Sometimes we can also decide to stay in a role for longer because it helps us have the balance with the other demands in our lives. Of course, there are so many women who do not have the option to scale up or down due to their circumstances. This is why my next point on building feminist organisations is so crucial.
This idea of scaling up and scaling down was so liberating for me because it made me look at career in a different way – to look at it as a journey. A journey which I could navigate on my terms; where career was just another element of my life and not the only thing defining me. Just as I have had the opportunity to spend time building my career – reading hard etc; it is now my opportunity scale down and put in my 10,000 hours (apparently, the magic number for expertise) in raising my children (3 under 5 years) and figuring out my relatively young marriage.
To mention a related conversation, I once discussed with a professional colleague my decision to scale down, which he was totally against, and I argued that people take a sabbatical to teach, write books, reflect etc – I was taking a sabbatical for family, and that should count for something.
My final reflection on feminism brought me to the idea of building feminist organisations. I worked for an organisation where feminism emerged as a buzz word – together with southern voices, localisation of aid, shifting the power. All fantastic concepts, which if put into practice would be truly transformative, but sadly in many cases remained just as empty words in strategies, documents and Skype calls. What does a truly feminist organisation look like – I tried to envision what such an organisation would be.
This would be an organisation that fosters and rewards a collaborative environment where the collective is more important than the individual. An organisation that recognised that all its employees and partners had a uniqueness they contributed to the organisation. An organisation that looked after its women, be it period leave, having sanitary towels or tampons available or at least 6 months maternity leave and job security, and having flexible working hours for parents. An organisation that understand that there must be boundaries between work and life, as well both being well integrated.

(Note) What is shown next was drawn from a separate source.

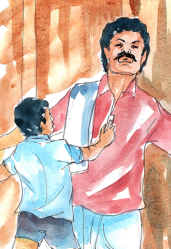 "నేను ఊరుకునేది లేదు. నిన్ను జైల్లో పెట్టిస్తాను. ఏం చేస్తానో చూడు" అని నేను కోపంతో అరిచాను.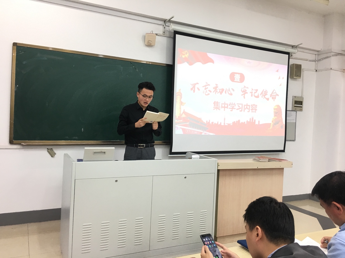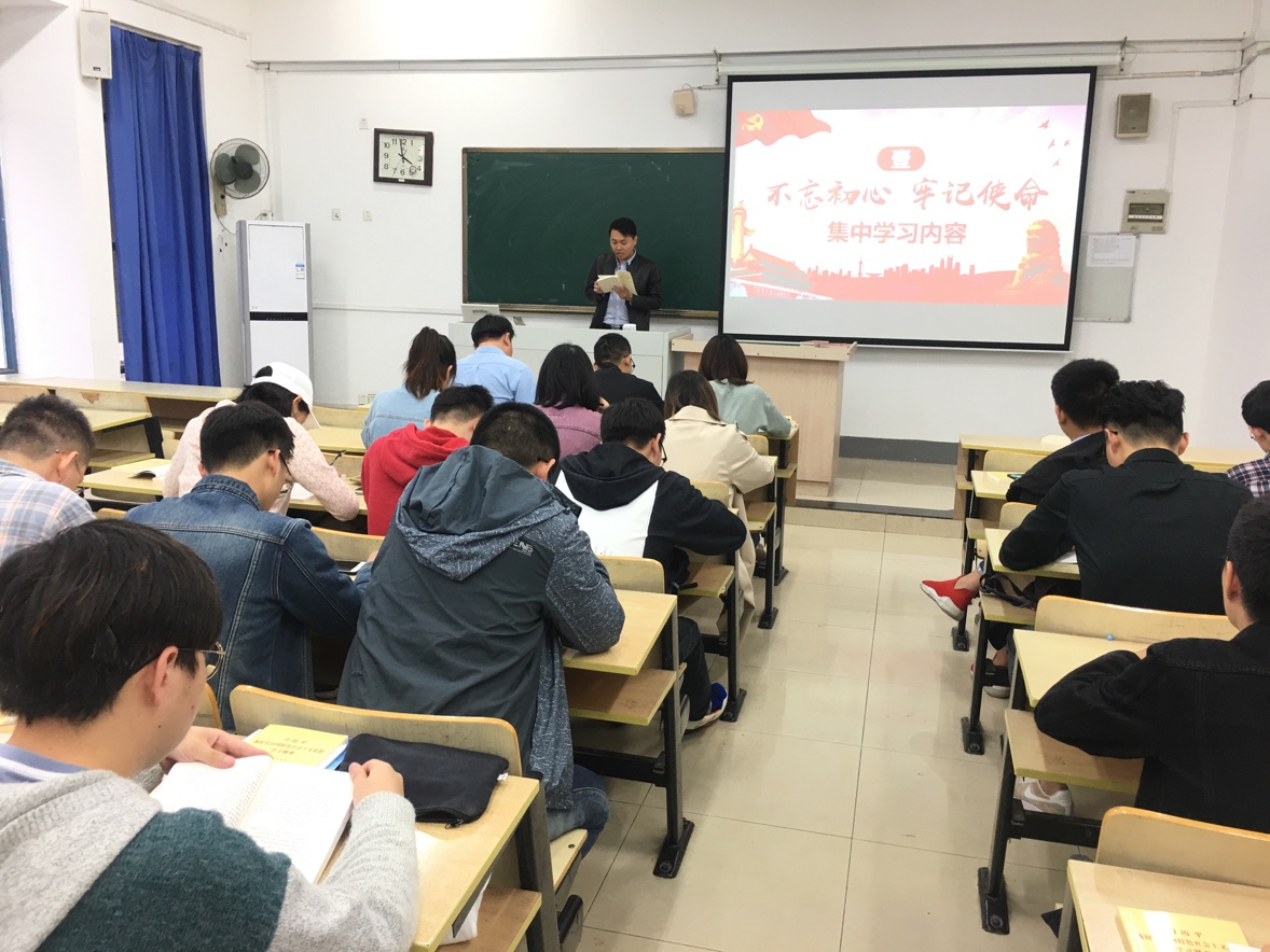 2019年10月22日下午,91吃瓜 学工党支部于教3-103教室举办了 “不忘初心、牢记使命”主题学习读书会,参加本次读书会的有91吃瓜 于景宝副书记、学工支部全体党员。

This organisation will require a different type of leadership, a different mindset and different policies. A feminist organisation recognises that a woman does not have to make a choice between work and family; that she can integrate her family life whilst having a fulfilling career life – and even where she chooses her family, that there is space for re-entry into the organisation. Something as simple as having a creche at work, a breastfeeding room or a working from home option can make the world of a difference.
I believe governments must also play a role in ensuring women (and indeed men) can have well integrated lives and this starts with having enabling policies.

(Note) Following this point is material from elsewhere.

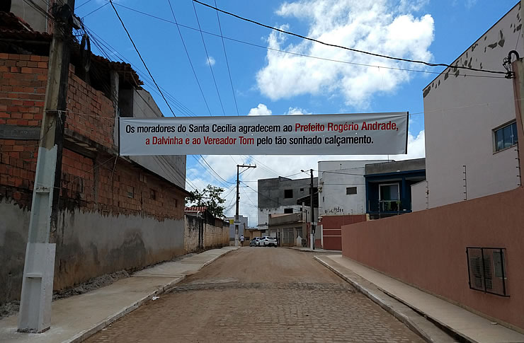(15), as obras de pavimentação, meios-fios, rampas e passeios do Loteamento Santa Cecilia para alegria das centenas de famílias que moram no local. Na inauguração participaram autoridades como o ex-prefeito Euvaldo Rosa, o ex-vice-prefeito Faustino Cunha, além de vereadores, secretários e outras lideranças.

Covid 19 has been devastating to many. However, one thing it has allowed us is to see that at the end of it all we are human – with crazy spouses walking in their underwear, children barging into our calls and cats strolling on our keyboards – that we do have other lives other than work and those lives matter as well.
Even as I remain hopeful that more women will have better choices for their lives and that more organisations will adopt feminist principles, I realise that we are far off from realising these things, but I am hopeful that if more people advocate for better, then perhaps this will be realised in time for my daughters to enjoy that world.